| EXERCISE GOAL |
Skip the pictures and retype exactly the lines from the one holding "можуть знайти покупця." through the end of the entries.

Extracted records
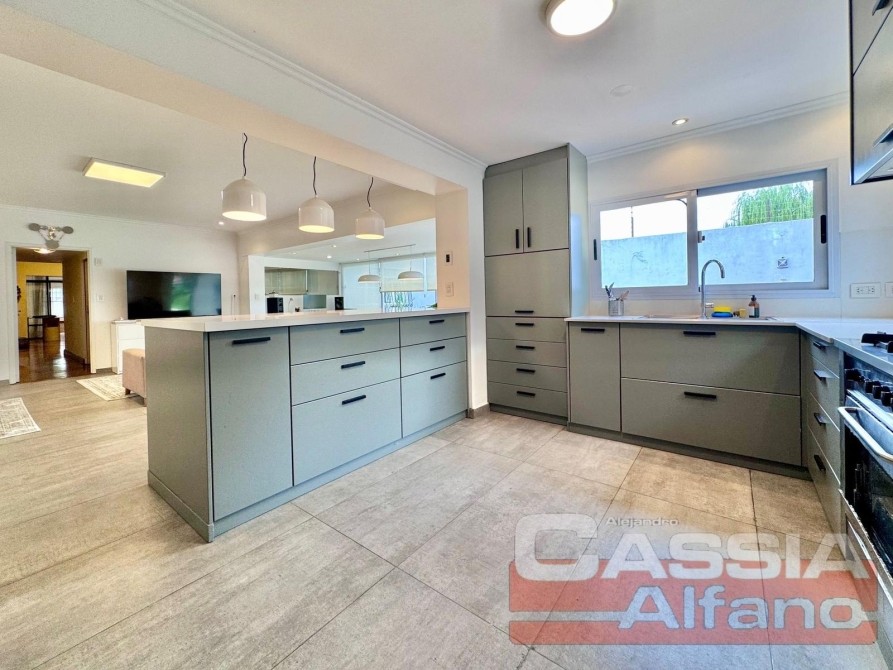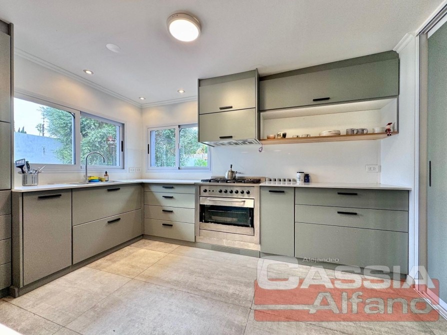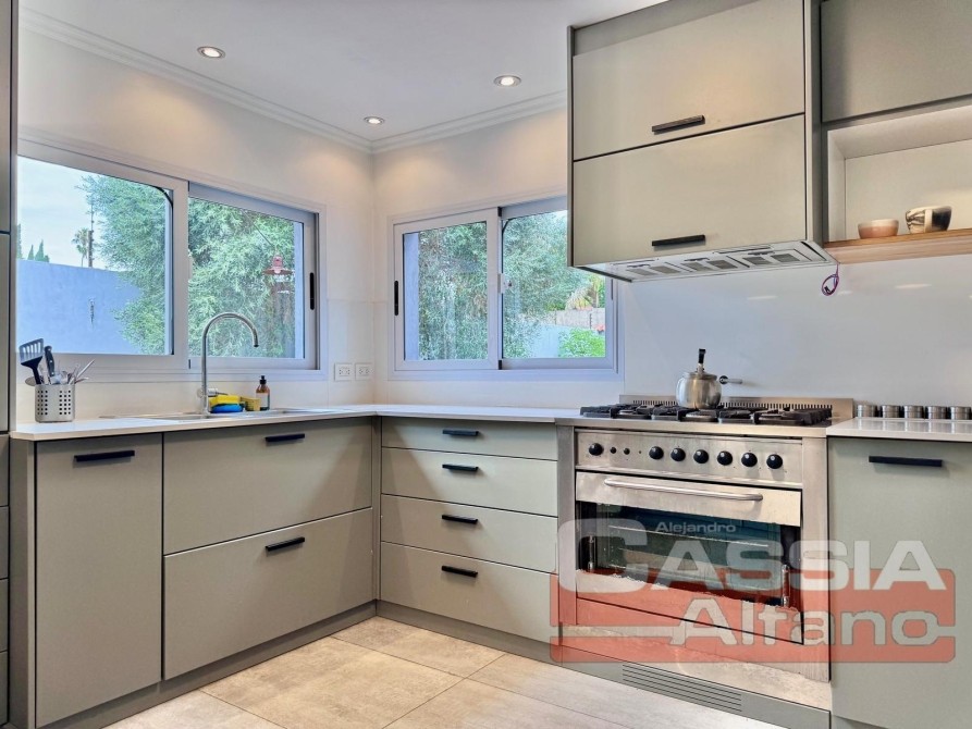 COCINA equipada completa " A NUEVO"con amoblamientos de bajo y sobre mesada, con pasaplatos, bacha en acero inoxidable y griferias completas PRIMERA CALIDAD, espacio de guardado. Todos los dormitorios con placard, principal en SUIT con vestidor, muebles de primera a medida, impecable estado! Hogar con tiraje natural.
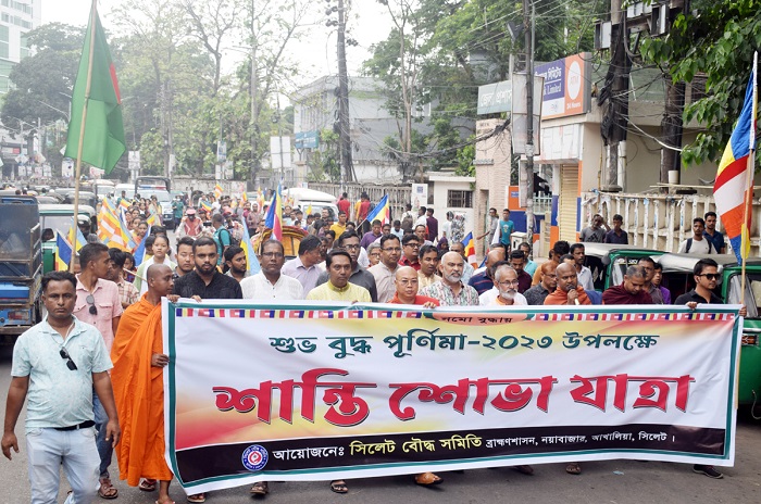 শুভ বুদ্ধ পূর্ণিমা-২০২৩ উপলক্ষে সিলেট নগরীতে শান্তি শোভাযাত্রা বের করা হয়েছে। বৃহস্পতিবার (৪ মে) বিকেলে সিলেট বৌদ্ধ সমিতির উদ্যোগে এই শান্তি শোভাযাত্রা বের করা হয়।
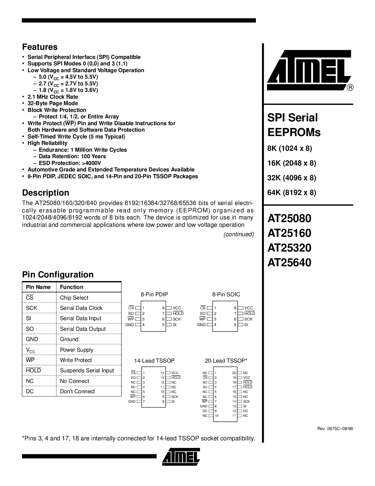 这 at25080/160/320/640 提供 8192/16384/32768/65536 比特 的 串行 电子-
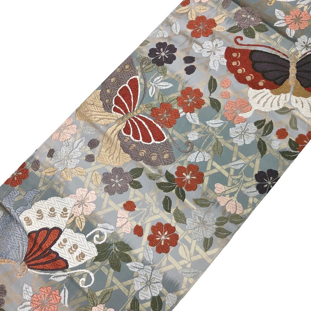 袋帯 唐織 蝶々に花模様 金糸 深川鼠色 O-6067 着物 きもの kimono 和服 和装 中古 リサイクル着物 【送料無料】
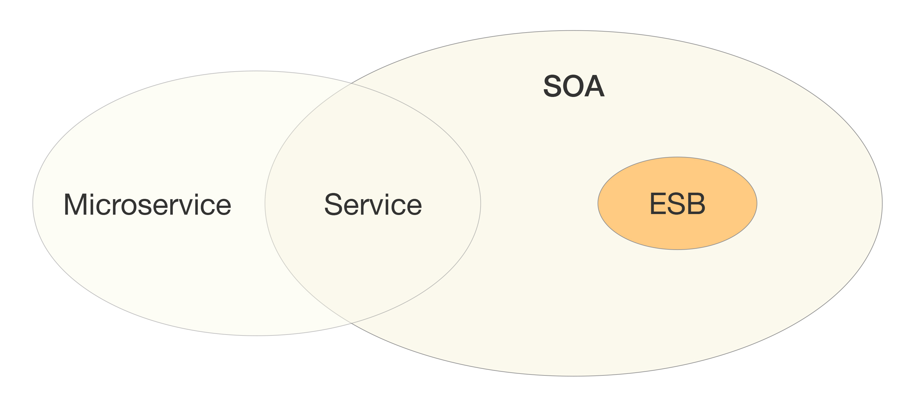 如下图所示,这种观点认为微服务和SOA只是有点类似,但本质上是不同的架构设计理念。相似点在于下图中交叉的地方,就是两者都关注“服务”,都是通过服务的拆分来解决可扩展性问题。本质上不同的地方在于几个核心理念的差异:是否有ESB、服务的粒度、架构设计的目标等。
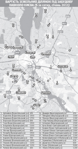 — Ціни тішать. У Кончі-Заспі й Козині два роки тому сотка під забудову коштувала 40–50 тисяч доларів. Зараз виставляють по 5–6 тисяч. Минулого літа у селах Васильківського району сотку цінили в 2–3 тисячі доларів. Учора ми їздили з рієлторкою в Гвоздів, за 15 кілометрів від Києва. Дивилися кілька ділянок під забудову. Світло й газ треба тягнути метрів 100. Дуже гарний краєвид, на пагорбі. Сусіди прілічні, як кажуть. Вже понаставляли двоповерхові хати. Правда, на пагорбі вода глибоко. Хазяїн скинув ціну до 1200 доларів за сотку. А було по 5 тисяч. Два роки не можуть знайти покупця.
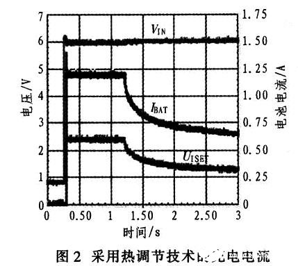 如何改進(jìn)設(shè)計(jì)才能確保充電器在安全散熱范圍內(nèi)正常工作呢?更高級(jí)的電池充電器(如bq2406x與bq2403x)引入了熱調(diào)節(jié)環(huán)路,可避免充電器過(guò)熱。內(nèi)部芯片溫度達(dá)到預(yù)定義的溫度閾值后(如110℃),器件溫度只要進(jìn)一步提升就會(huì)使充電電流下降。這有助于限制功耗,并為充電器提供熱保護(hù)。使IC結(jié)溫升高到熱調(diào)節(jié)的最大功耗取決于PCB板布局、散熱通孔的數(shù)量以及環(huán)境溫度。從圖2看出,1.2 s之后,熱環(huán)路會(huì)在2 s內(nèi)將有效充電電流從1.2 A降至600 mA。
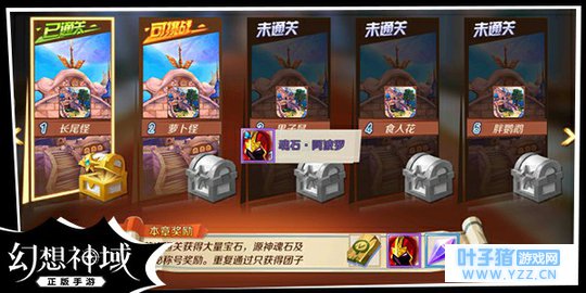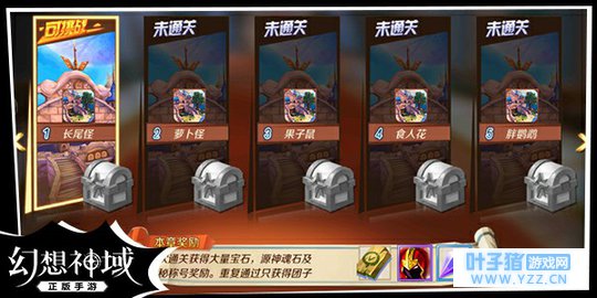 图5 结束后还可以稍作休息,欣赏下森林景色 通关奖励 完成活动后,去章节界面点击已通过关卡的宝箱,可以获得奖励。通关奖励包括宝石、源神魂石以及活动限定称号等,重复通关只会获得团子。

| EXPECTED ANSWER |
 — Ціни тішать. У Кончі-Заспі й Козині два роки тому сотка під забудову коштувала 40–50 тисяч доларів. Зараз виставляють по 5–6 тисяч. Минулого літа у селах Васильківського району сотку цінили в 2–3 тисячі доларів. Учора ми їздили з рієлторкою в Гвоздів, за 15 кілометрів від Києва. Дивилися кілька ділянок під забудову. Світло й газ треба тягнути метрів 100. Дуже гарний краєвид, на пагорбі. Сусіди прілічні, як кажуть. Вже понаставляли двоповерхові хати. Правда, на пагорбі вода глибоко. Хазяїн скинув ціну до 1200 доларів за сотку. А було по 5 тисяч. Два роки не можуть знайти покупця.
 如何改進(jìn)設(shè)計(jì)才能確保充電器在安全散熱范圍內(nèi)正常工作呢?更高級(jí)的電池充電器(如bq2406x與bq2403x)引入了熱調(diào)節(jié)環(huán)路,可避免充電器過(guò)熱。內(nèi)部芯片溫度達(dá)到預(yù)定義的溫度閾值后(如110℃),器件溫度只要進(jìn)一步提升就會(huì)使充電電流下降。這有助于限制功耗,并為充電器提供熱保護(hù)。使IC結(jié)溫升高到熱調(diào)節(jié)的最大功耗取決于PCB板布局、散熱通孔的數(shù)量以及環(huán)境溫度。從圖2看出,1.2 s之后,熱環(huán)路會(huì)在2 s內(nèi)將有效充電電流從1.2 A降至600 mA。
 图5 结束后还可以稍作休息,欣赏下森林景色 通关奖励 完成活动后,去章节界面点击已通过关卡的宝箱,可以获得奖励。通关奖励包括宝石、源神魂石以及活动限定称号等,重复通关只会获得团子。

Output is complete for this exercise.